HypothesisManager

SQLite-backed Bayesian hypothesis lifecycle: prior → evidence → posterior → promote or retire

HypothesisManager is v1’s research-workflow module. Each trading idea is a hypothesis with a prior, accumulated evidence, a computed posterior, and a lifecycle state (proposed, testing, promoted, retired). It persists to SQLite so hypotheses survive process restarts and can be audited after the fact.

Import

python
from horizon.fund._hypothesis import HypothesisManager

Lifecycle states

  • proposed: registered but not yet actively tested
  • testing: collecting evidence, updating posterior
  • promoted: posterior exceeds confidence threshold; strategy goes live
  • retired: posterior dropped below threshold or lifetime expired

Bayesian updating

Register a hypothesis

Set a prior (e.g., "I believe this strategy has 55% hit rate") and a target (what evidence would confirm/deny it).

Record evidence

As trades execute, record outcomes.

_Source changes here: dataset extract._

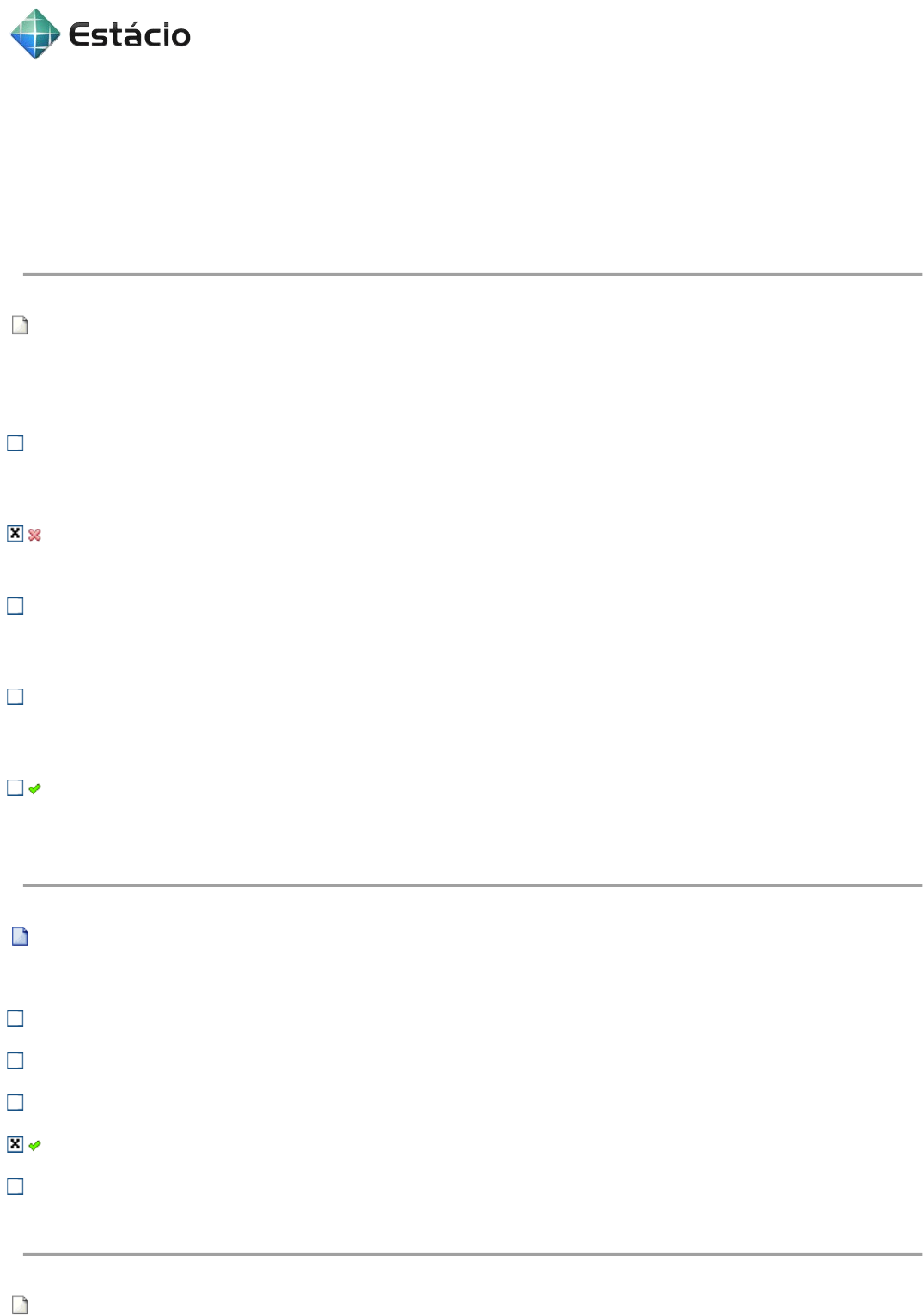 <p>Parte superior do formulário</p><p>Avaliação: CEL0247_AV_201502413451 » LINGUAGENS DA ARTE E REGIONALIDADES</p><p>Tipo de Avaliação: AV</p><p>Aluno: 201502413451 - MONICA DE CARVALHO SANTIAGO</p><p>Professor:</p><p>JAMILLY APARECIDA MACHADO</p><p>GABRIELA KUHNEN</p><p>Turma: 9002/AB</p><p>Nota da Prova: 4,0 Nota de Partic.: Av. Parcial Data: 07/06/2019 10:58:35</p><p>1a Questão (Ref.: 201505413133)</p><p>Pontos: 0,0 / 1,0</p><p>Sobre a importância do estudo da arte é INCORRETO dizer que:</p><p>É através de aulas de linguagens da arte e regionalidades que se torna mais produtivo o conhecimento sobre a relação do homem com a história, a cultura e a sociedade da qual faz parte.</p><p>Possibilita ao aluno se relacionar com o mundo de forma harmoniosa e criativa.</p><p>O contato com a expressão artística desenvolve no indivíduo a percepção estética do que está à sua volta.</p><p>O aluno aprenderá a ativar sua capacidade sensorial e, através dela, desenvolver a imaginação, a criatividade e a razão, equilibrando as tensões a que está submetido cotidianamente.</p><p>Garante um bom emprego no futuro</p><p>2a Questão (Ref.: 201502545922)</p><p>Pontos: 1,0 / 1,0</p><p>A censura no Brasil foi marcada por:</p><p>apenas censura aos meios de comunicação</p><p>apenas perseguições a artistas, sem que se chegassem a efetuar prisões</p><p>apenas exílios de artistas</p><p>perseguições, prisões e exílios</p><p>apenas prisões de artistas e intelectuais</p><p>3a Questão (Ref.: 201505413749)</p><p>Pontos: 0,0 / 1,0</p><p>Todo artista sofre a influência de seu tempo. Dessa forma, o objeto de arte que produz expressa as ideologias de sua época. Na Grécia Antiga, o período clássico está associado a uma ideologia que definiu a História da Humanidade. Trata-se ...</p><p>da Plutocracia</p><p>da Democracia</p><p>do Iluminismo</p><p>da Monarquia</p><p>do Renascimento</p><p>4a Questão (Ref.: 201502546135)</p><p>Pontos: 1,0 / 1,0</p><p>Com a ascensão da burguesia no século XVIII, o ser humano passa a ser mais valorizado. Isso se reflete na produção artística do neoclassicismo, e a obra de arte passa a representar:</p><p>a religiosidade</p><p>o materialismo</p><p>o corporativismo</p><p>a coletividade</p><p>o individualismo</p><p>5a Questão (Ref.: 201502701620)</p><p>Pontos: 0,0 / 1,0</p><p>Os indígenas brasileiros eram vistos pelos colonizadores europeus como seres bárbaros, incapacitados intelectualmente. Os jesuítas começaram a mudar essa visão ao se aproximarem dos ameríndios utilizando-se de dois recursos de caráter pedagógico. Identifique-os.</p><p>O cristianismo e as ideologias monárquicas.</p><p>O ensino de latim e a evangelização.</p><p>As práticas de navegação e o catecismo.</p><p>O catecismo e o teatro.</p><p>As técnicas agrícolas e o uso de vestimentas.</p><p>6a Questão (Ref.: 201502719226)</p><p>Pontos: 0,0 / 1,0</p><p>O escritor francês Charles Baudelaire é considerado o "pai da modernidade" por ter sido pioneiro em registrar os sentimentos do homem moderno. Leia o poema "A Uma Passante" de Baudelaire, a seguir transcrito, e identifique a alternativa que corresponde à proposta ideológica do autor nos fragmentos destacados.</p><p>A uma passante</p><p>A rua em derredor era um ruído incomum,</p><p>longa, magra, de luto e na dor majestosa,</p><p>Uma mulher passou e com a mão faustosa</p><p>Erguendo, balançando o festão e o debrum;</p><p>Nobre e ágil, tendo a perna assim de estátua exata.</p><p>Eu bebia perdido em minha crispação</p><p>No seu olhar, céu que germina o furacão,</p><p>A doçura que embala o frenesi que mata.</p><p>Um relâmpago e após a noite! Aérea beldade,</p><p>E cujo olhar me fez renascer de repente,</p><p>Só te verei um dia e já na eternidade?</p><p>A efemeridade e a transitoriedade da vida moderna.</p><p>A melancolia e a depressão do homem moderno.</p><p>A industrialização iniciada no século XIX.</p><p>Os ideais franceses de liberdade, igualdade e fraternidade.</p><p>O triunfo do capitalismo.</p><p>7a Questão (Ref.: 201505417570)</p><p>Pontos: 0,0 / 1,0</p><p>Na Idade Média, havia dois modelos de representação artística da figura feminina. Assinale a alternativa relacionada a esses modelos:</p><p>Deusas e Ninfas</p><p>Dama da Corte e a camponesa</p><p>Nobres e santas</p><p>Escravas e bruxas</p><p>Guerreiras e mães</p><p>8a Questão (Ref.: 201502480147)</p><p>Pontos: 1,0 / 1,0</p><p>Leia o texto:</p><p>Décio pignatari [20.08.1927, São Paulo SP]- Poeta, ensaísta, tradutor, contista, romancista, dramaturgo, publicitário e professor, nasce em Jundiaí, São Paulo, filho de imigrantes italianos, mas cedo transfere-se para Osasco, onde mora até os 25 anos. Publica seus primeiros poemas na Revista Brasileira de Poesia, em 1949. No ano seguinte, estréia com o livro de poemas, Carrossel, e, em 1952, funda o grupo e edita a revista-livro Noigandres, com os amigos, os poetas irmãos Haroldo de Campos (1929 - 2003) e Augusto de Campos (1931). Em 1953 forma-se em direito pela Universidade de São Paulo - USP - e em seguida viaja para a Europa, onde passa dois anos, mantendo contatos com diversos intelectuais. /.../ Além de escritor, faz pesquisas na área de semiótica: em 1969, ajuda a fundar a Association Internationale de Sémiotique - AIS -, na França, e, em 1975, participa do lançamento da Associação Brasileira de Semiótica - ABS. Em 1999, muda-se para Curitiba.</p><p>Esse texto apresenta, junto às informações sobre a carreira do poeta, dados que nos permitem reconstituir sua vida. Esse último tipo de informação permite que se faça uma crítica ao poeta e a sua obra, denominada:</p><p>lírica</p><p>vanguardista</p><p>poética</p><p>literária</p><p>biográfica</p><p>9a Questão (Ref.: 201505428457)</p><p>Pontos: 1,0 / 1,0</p><p>O cineasta Nelson Pereira dos Santos fez uma transposição admirável do romance Vidas Secas, de Graciliano Ramos, para a tela do cinema. No filme, no que

Each observation updates the posterior using Bayesian math.

Check the posterior

At any time, query the posterior probability that the hypothesis is true. Compare to your confidence threshold.

Promote or retire

If the posterior exceeds the threshold, promote the hypothesis (start live trading). If it drops below, retire it. Otherwise keep testing.

API

python
class HypothesisManager:
    def __init__(
        self,
        db_path: str = "hypotheses.db",
        confidence_threshold: float = 0.80,
    ) -> None:
        ...

    def register(
        self,
        name: str,
        description: str,
        prior: float,
        target_evidence: int = 100,
    ) -> str:
        """Register a new hypothesis. Returns its ID."""

    def record_evidence(
        self,
        hypothesis_id: str,
        outcome: float,                  # 1.0 = confirming, 0.0 = contradicting
        metadata: dict = None,
    ) -> None:
        """Append a new observation and update the posterior."""

    def posterior(self, hypothesis_id: str) -> float:
        """Current posterior probability."""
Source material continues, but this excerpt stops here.